- [Excerpted data]:

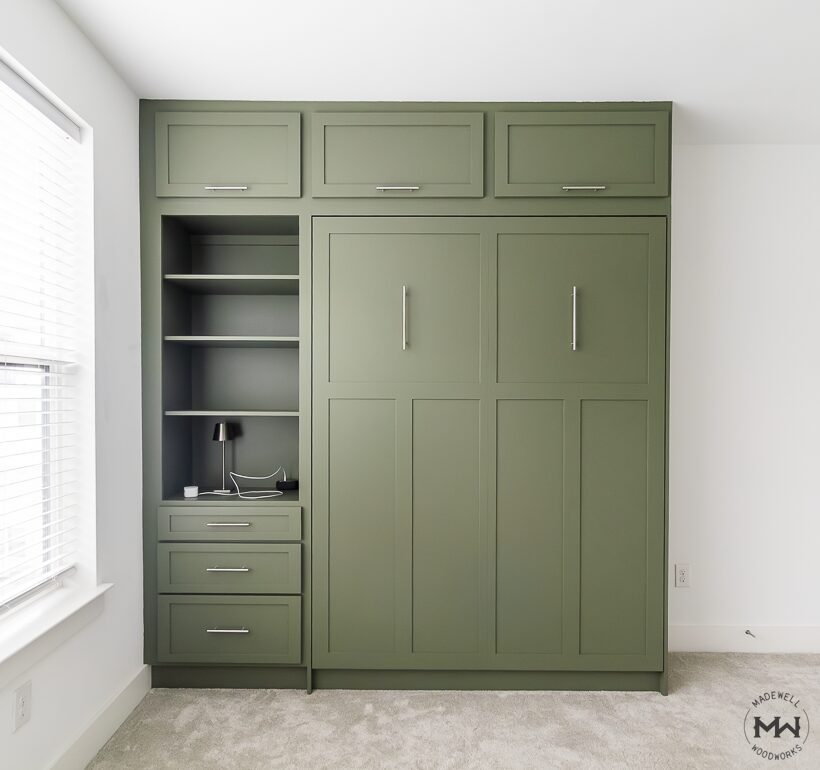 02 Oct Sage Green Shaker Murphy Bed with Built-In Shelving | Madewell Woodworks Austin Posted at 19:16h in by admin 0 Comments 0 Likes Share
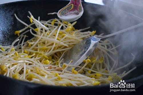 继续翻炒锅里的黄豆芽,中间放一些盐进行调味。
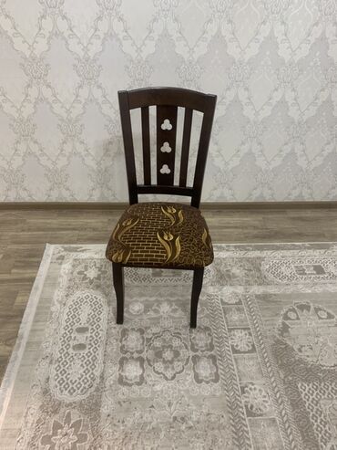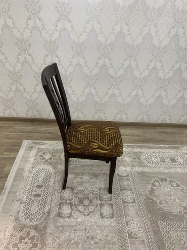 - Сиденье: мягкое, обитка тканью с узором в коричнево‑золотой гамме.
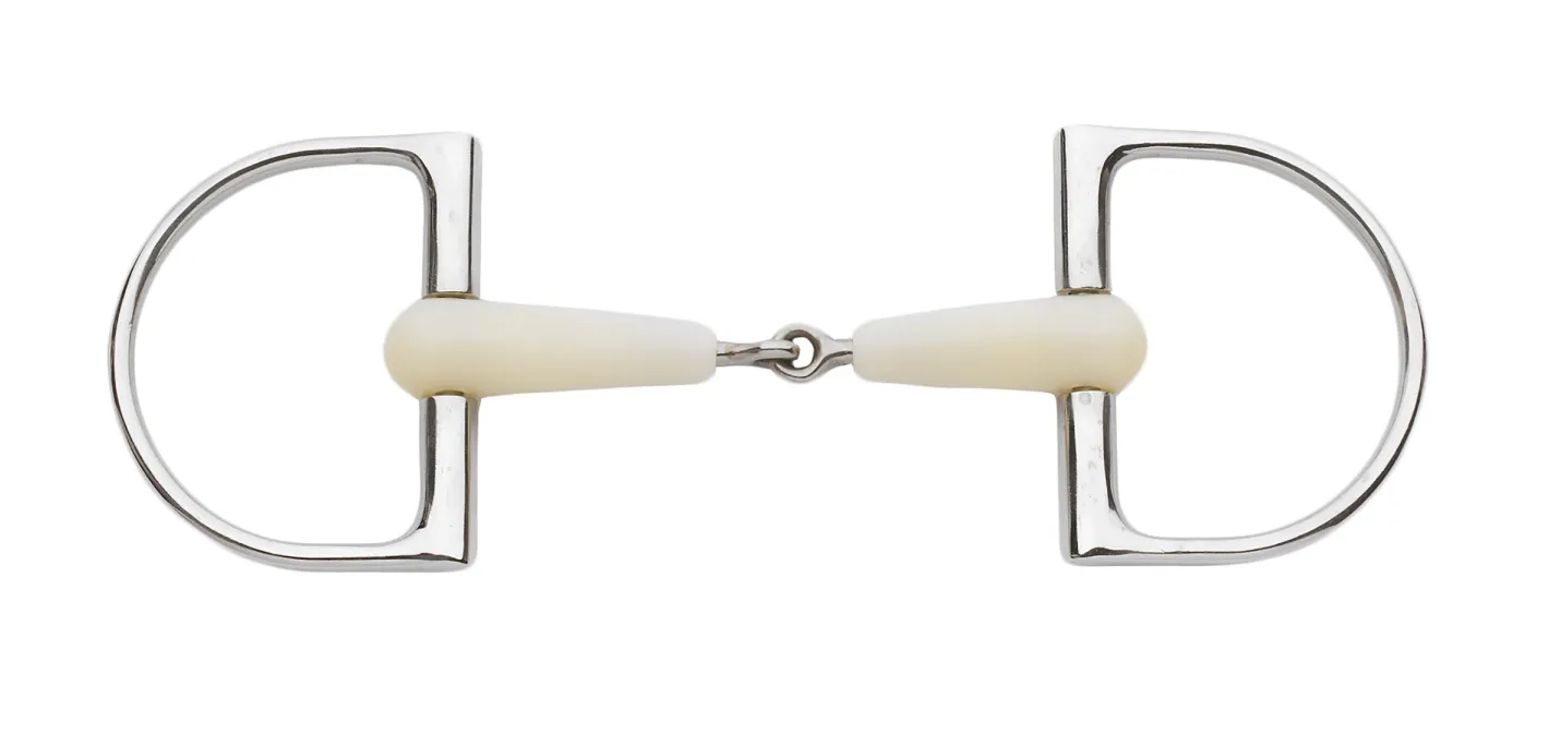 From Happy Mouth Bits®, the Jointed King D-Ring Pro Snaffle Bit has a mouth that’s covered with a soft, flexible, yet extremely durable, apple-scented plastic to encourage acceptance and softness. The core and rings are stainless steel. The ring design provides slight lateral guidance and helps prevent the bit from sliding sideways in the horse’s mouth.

* * *

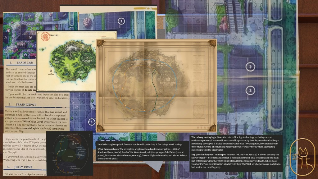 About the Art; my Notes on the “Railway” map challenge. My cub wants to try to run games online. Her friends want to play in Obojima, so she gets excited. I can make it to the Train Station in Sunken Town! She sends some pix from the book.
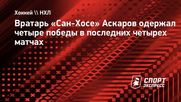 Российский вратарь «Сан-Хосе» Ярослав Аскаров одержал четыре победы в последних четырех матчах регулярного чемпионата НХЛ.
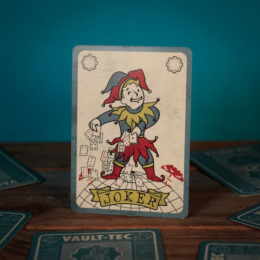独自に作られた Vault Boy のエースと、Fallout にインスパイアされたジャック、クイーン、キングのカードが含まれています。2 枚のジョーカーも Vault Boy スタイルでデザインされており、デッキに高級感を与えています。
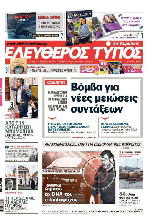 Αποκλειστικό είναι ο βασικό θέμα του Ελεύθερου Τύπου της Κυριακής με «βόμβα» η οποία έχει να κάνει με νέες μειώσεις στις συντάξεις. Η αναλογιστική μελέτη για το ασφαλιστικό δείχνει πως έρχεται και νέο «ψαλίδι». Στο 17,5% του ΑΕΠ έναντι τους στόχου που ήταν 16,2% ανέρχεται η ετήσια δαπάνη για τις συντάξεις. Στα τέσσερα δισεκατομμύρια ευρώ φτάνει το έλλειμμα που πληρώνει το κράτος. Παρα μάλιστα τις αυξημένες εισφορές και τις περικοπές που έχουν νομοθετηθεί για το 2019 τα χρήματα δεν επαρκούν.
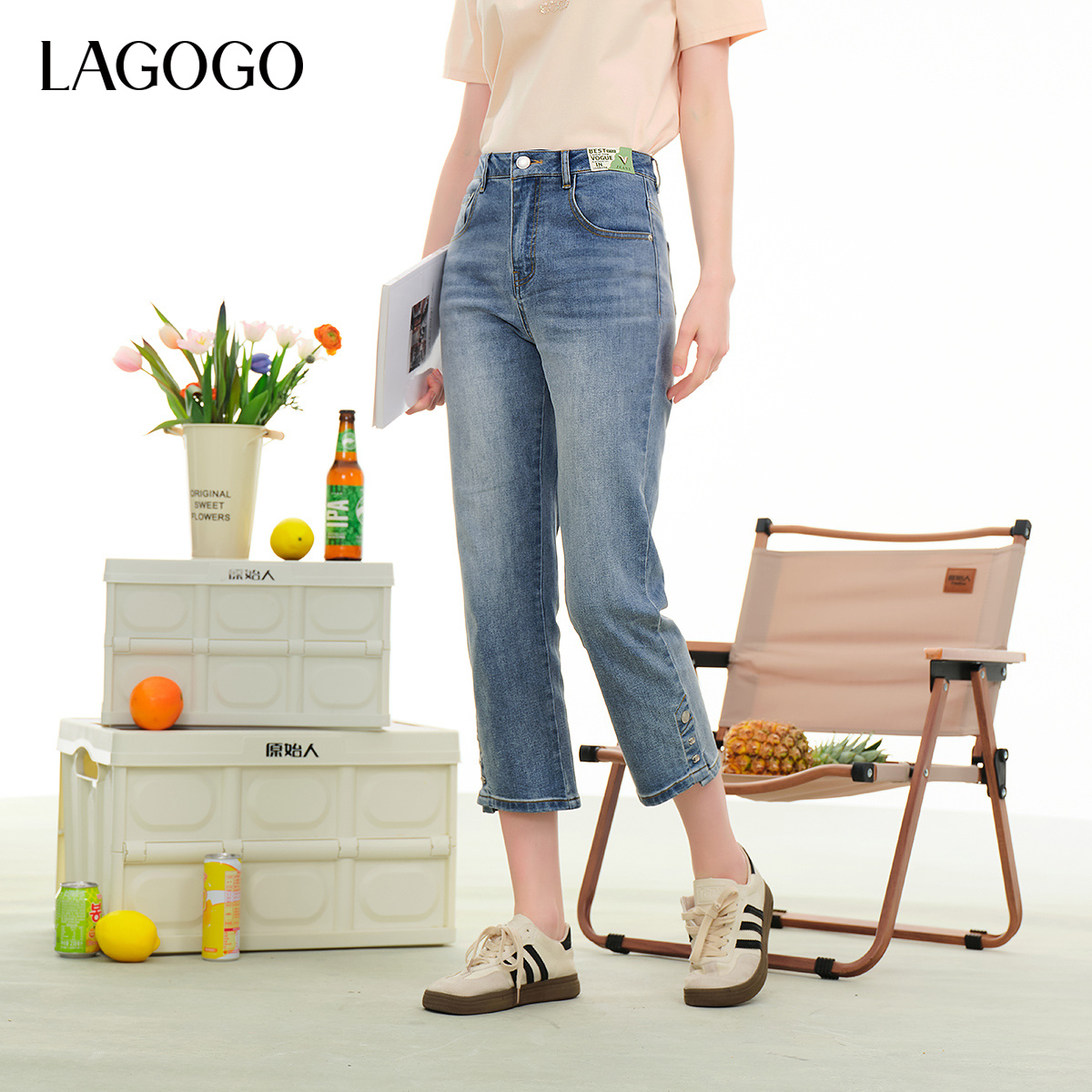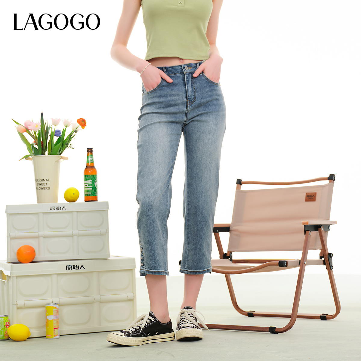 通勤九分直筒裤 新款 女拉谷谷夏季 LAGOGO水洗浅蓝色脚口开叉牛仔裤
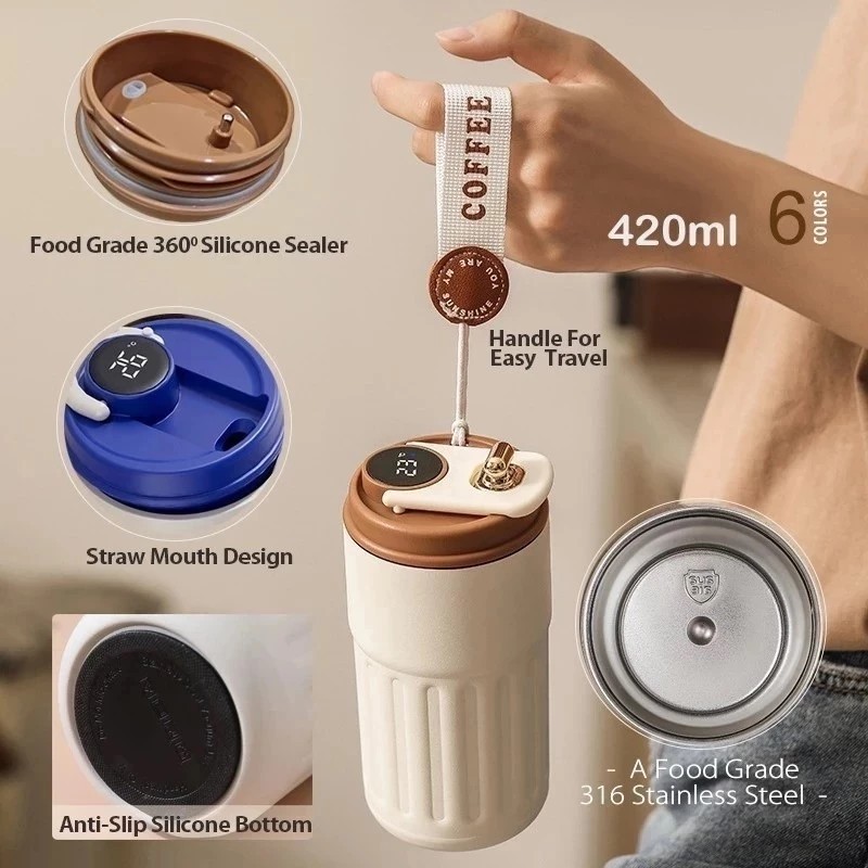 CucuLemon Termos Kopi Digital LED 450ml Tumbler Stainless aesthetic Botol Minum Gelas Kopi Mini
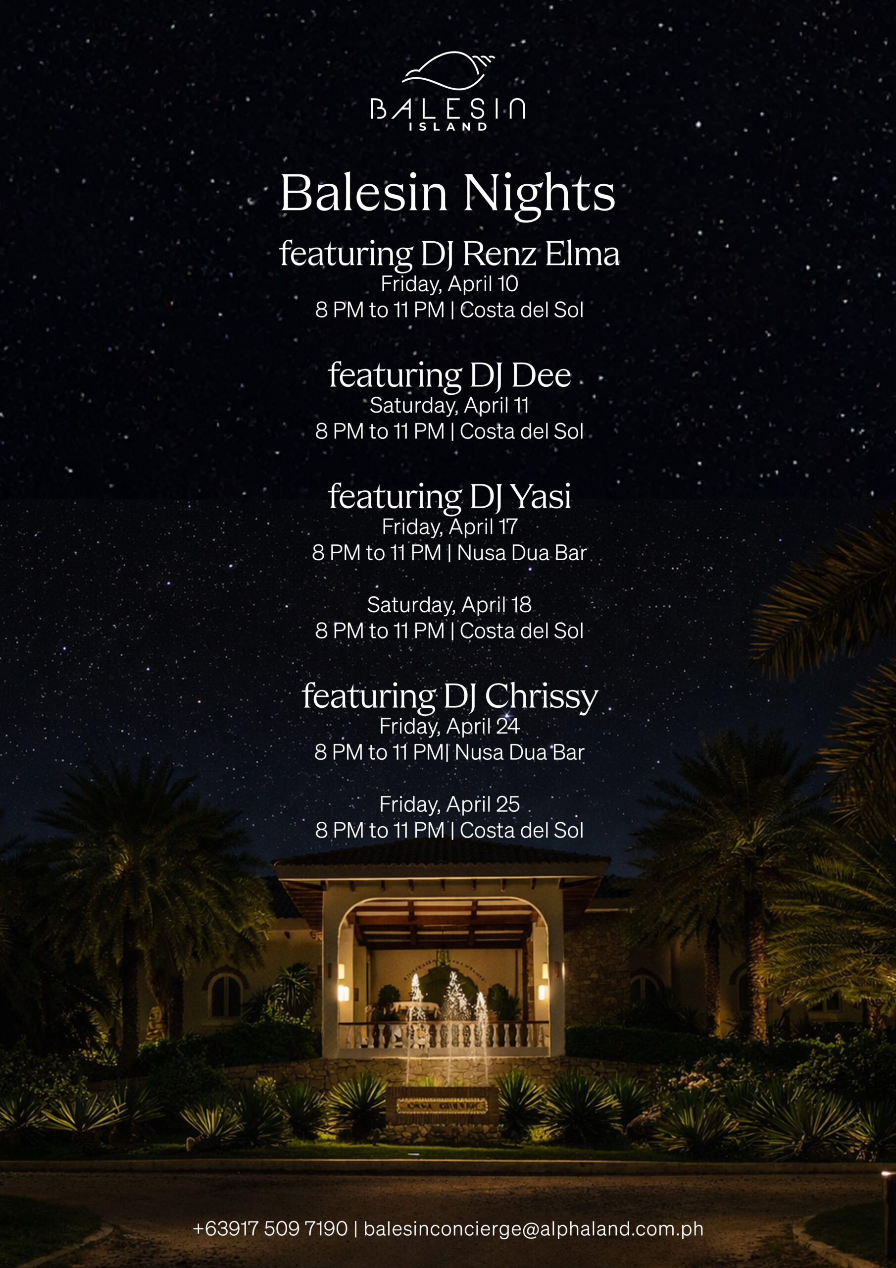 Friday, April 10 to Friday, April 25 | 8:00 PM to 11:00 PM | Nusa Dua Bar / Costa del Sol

==

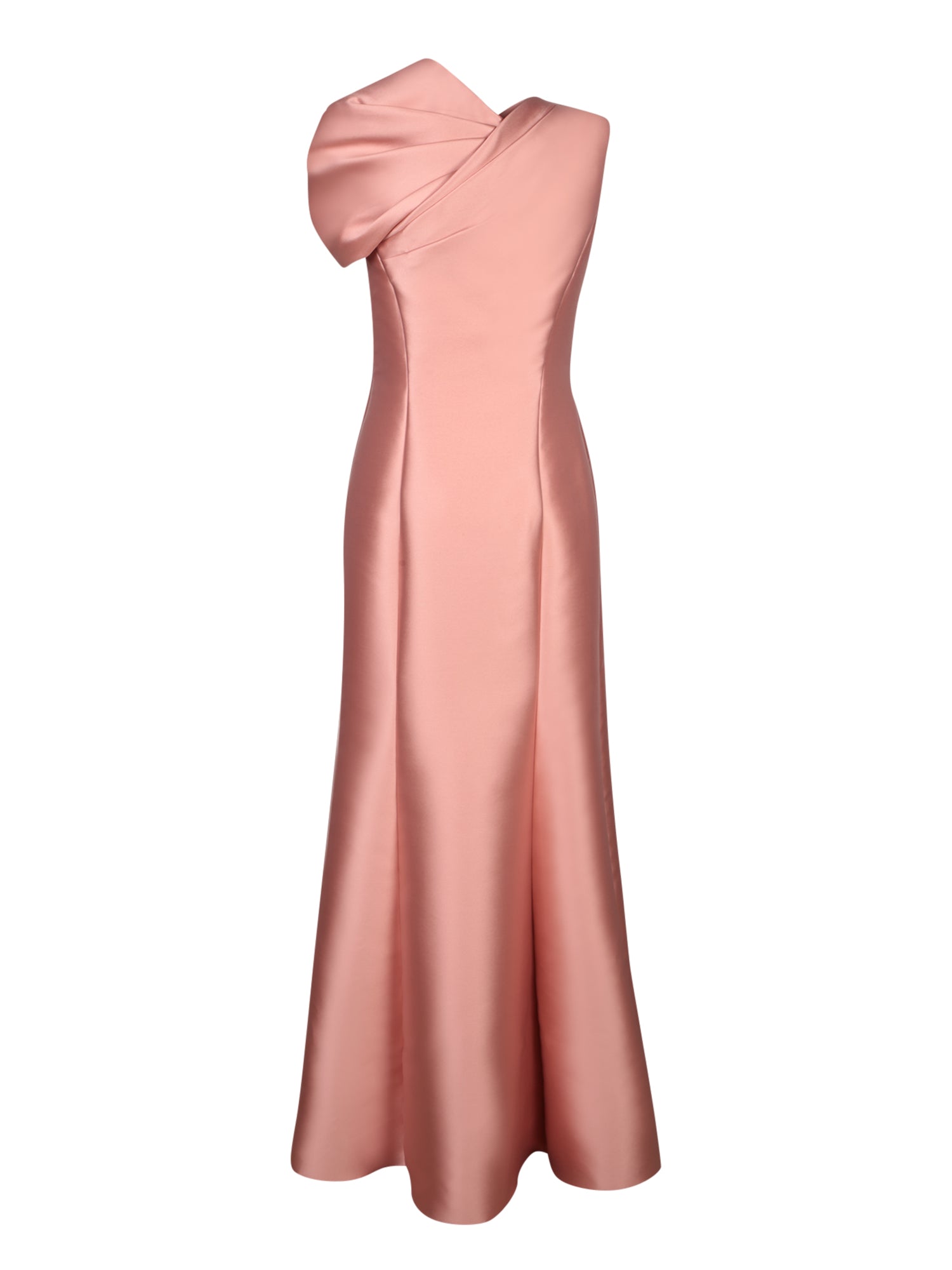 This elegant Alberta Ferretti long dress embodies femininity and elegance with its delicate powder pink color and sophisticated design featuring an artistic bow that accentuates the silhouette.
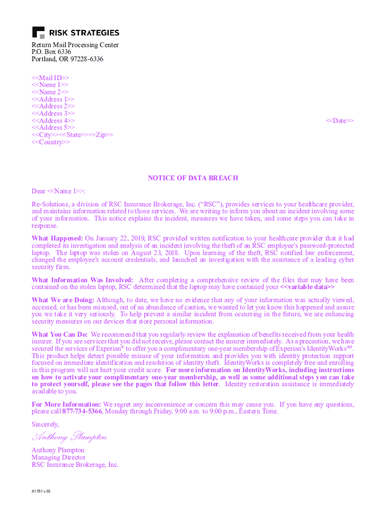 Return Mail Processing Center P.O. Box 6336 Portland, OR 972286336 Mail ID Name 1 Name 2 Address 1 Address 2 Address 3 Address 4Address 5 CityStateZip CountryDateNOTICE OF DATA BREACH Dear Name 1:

- [What is expected]: Copy back exactly the lines above from the one containing "Αποκλειστικό είναι ο" through the one containing "通勤九分直筒裤 新款 女拉谷谷夏季 LAGOGO水洗浅蓝色脚口开叉牛仔裤", and leave every picture behind.

- [Solution to this exercise]:
 Αποκλειστικό είναι ο βασικό θέμα του Ελεύθερου Τύπου της Κυριακής με «βόμβα» η οποία έχει να κάνει με νέες μειώσεις στις συντάξεις. Η αναλογιστική μελέτη για το ασφαλιστικό δείχνει πως έρχεται και νέο «ψαλίδι». Στο 17,5% του ΑΕΠ έναντι τους στόχου που ήταν 16,2% ανέρχεται η ετήσια δαπάνη για τις συντάξεις. Στα τέσσερα δισεκατομμύρια ευρώ φτάνει το έλλειμμα που πληρώνει το κράτος. Παρα μάλιστα τις αυξημένες εισφορές και τις περικοπές που έχουν νομοθετηθεί για το 2019 τα χρήματα δεν επαρκούν.
 通勤九分直筒裤 新款 女拉谷谷夏季 LAGOGO水洗浅蓝色脚口开叉牛仔裤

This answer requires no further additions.